WORK TO BE COMPLETED -
Write down the lines exactly as they appear, from the one that contains "Tento italský kraj" through the final line of the records, so that both ends are kept and no pictures come along.

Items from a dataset
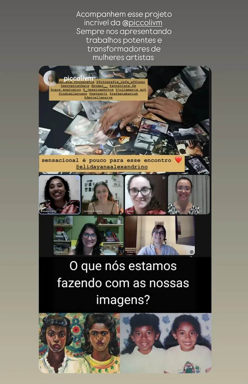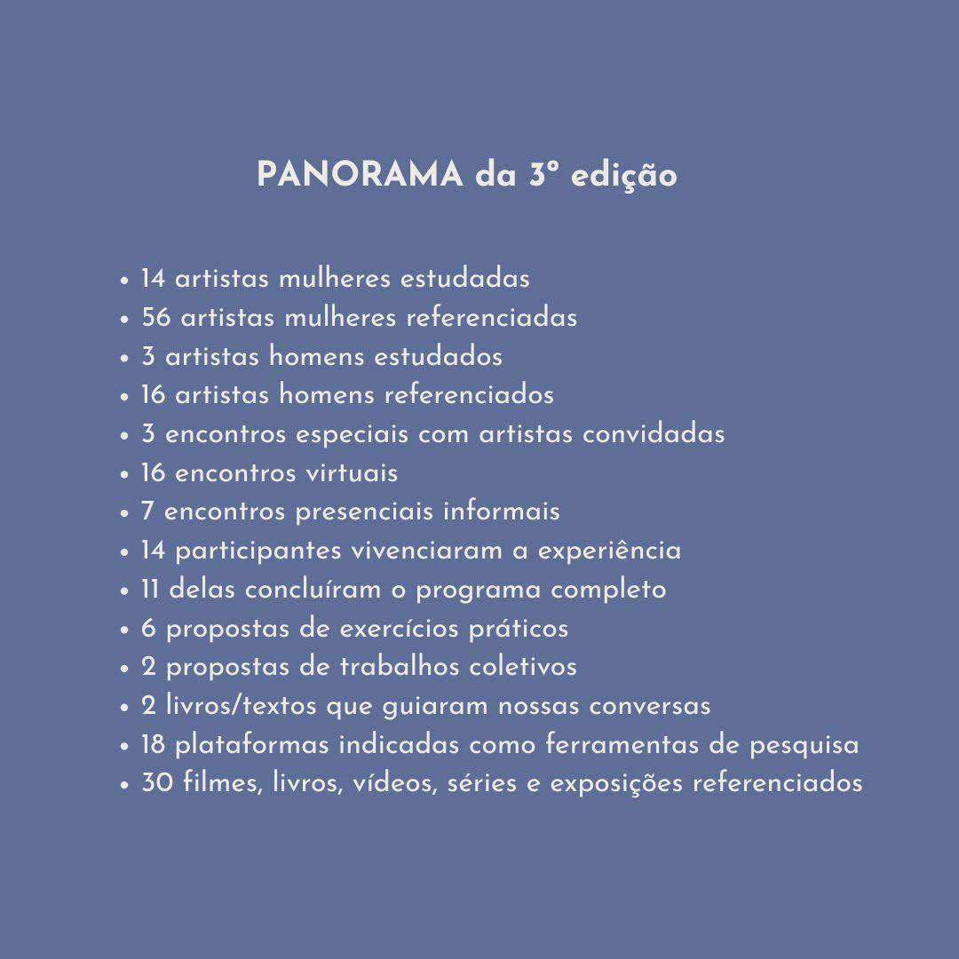 Criamos um espaço de troca, escuta e apoio mútuo, onde cada participante pode iniciar ou aprofundar seu processo criativo em diálogo com outras artistas. Por meio de análise de portfólios, discussões conceituais, estudo de referências — com foco em mulheres na fotografia e nas artes visuais — e atividades práticas, incentivamos o desenvolvimento de narrativas autorais conectadas às vivências pessoais.
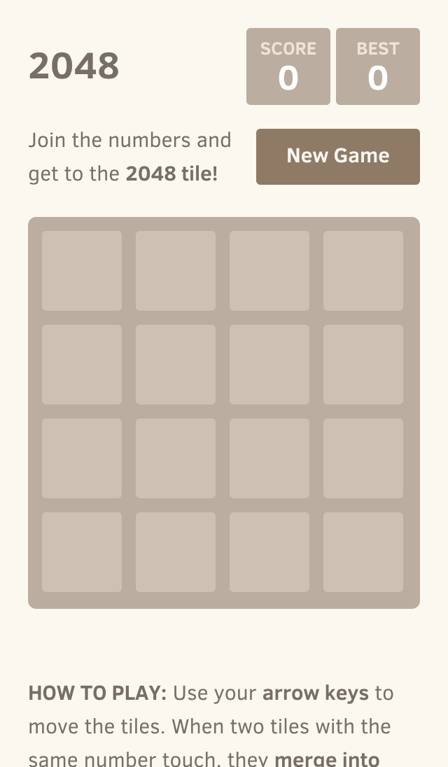 注意事項:此網站為 2048 官方遊戲網站,你可以使用電腦、手機或平板進入2048官方遊戲網站進行遊玩。其他 2048網站 或 2048 APP 並非被認可,請謹慎使用。
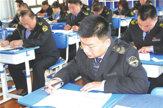 圖為學(xué)習(xí)結(jié)束后,參訓(xùn)人員參加考核測(cè)試。(韓吳琦 攝)
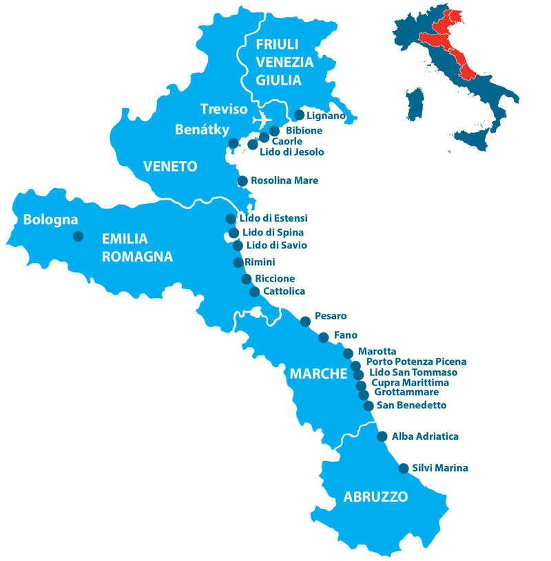 Tento italský kraj někdejší Benátské republiky se rozkládá od Pádské nížiny až po Dolomity. Jeho západní hranici tvoří největší italské jezero Lago di Garda, na východě jej ohraničuje Jaderské moře. Na členitost pobřeží má velký vliv především benátská laguna s mnoha krásnými plážemi. Centrem oblasti jsou světoznámé Benátky, jedinečné město vybudované na ostrůvcích ve vodách Jaderského moře. K návštěvě zvou i další starobylá města, k nimž patří Verona, Vicenza a Padova.
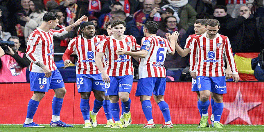বিটিসি স্পোর্টস ডেস্ক: কোপা দেল রে সেমিফাইনালের প্রথম লেগে আতলেতিকো মাদ্রিদ বার্সেলোনাকে ঘরের মাঠে ৪-০ গোলে হারিয়ে ফাইনালের পথে বড় জয় পেয়েছে। মেত্রোপলিতানো স্টেডিয়ামে বৃহস্পতিবার রাতে অনুষ্ঠিত ম্যাচে আতলেতিকো ম্যাচের শুরুতেই নিজেদের সুবিধা ধরে নেয় এবং বিরতির আগেই তিন গোলের ব্যবধানে এগিয়ে যায়।
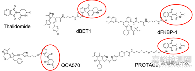 生殖毒性方面,大多數受訪企業(yè)均將胚胎-胎仔發(fā)育毒性試驗的開展節(jié)點前置了。這點與著名的致畸藥物沙利度胺不無關系。因為,CRBN的一個主要配體就是沙利度胺。很多選用CRBN的TPDs里面均含有沙利度胺的結構,如下圖所示。所以,無論擬開發(fā)適應癥是腫瘤還是非腫瘤,這一重大風險均需要引起足夠重視,盡早且全面評估。

SOLUTION FOR THIS PROBLEM -
 Tento italský kraj někdejší Benátské republiky se rozkládá od Pádské nížiny až po Dolomity. Jeho západní hranici tvoří největší italské jezero Lago di Garda, na východě jej ohraničuje Jaderské moře. Na členitost pobřeží má velký vliv především benátská laguna s mnoha krásnými plážemi. Centrem oblasti jsou světoznámé Benátky, jedinečné město vybudované na ostrůvcích ve vodách Jaderského moře. K návštěvě zvou i další starobylá města, k nimž patří Verona, Vicenza a Padova.
বিটিসি স্পোর্টস ডেস্ক: কোপা দেল রে সেমিফাইনালের প্রথম লেগে আতলেতিকো মাদ্রিদ বার্সেলোনাকে ঘরের মাঠে ৪-০ গোলে হারিয়ে ফাইনালের পথে বড় জয় পেয়েছে। মেত্রোপলিতানো স্টেডিয়ামে বৃহস্পতিবার রাতে অনুষ্ঠিত ম্যাচে আতলেতিকো ম্যাচের শুরুতেই নিজেদের সুবিধা ধরে নেয় এবং বিরতির আগেই তিন গোলের ব্যবধানে এগিয়ে যায়।
 生殖毒性方面,大多數受訪企業(yè)均將胚胎-胎仔發(fā)育毒性試驗的開展節(jié)點前置了。這點與著名的致畸藥物沙利度胺不無關系。因為,CRBN的一個主要配體就是沙利度胺。很多選用CRBN的TPDs里面均含有沙利度胺的結構,如下圖所示。所以,無論擬開發(fā)適應癥是腫瘤還是非腫瘤,這一重大風險均需要引起足夠重視,盡早且全面評估。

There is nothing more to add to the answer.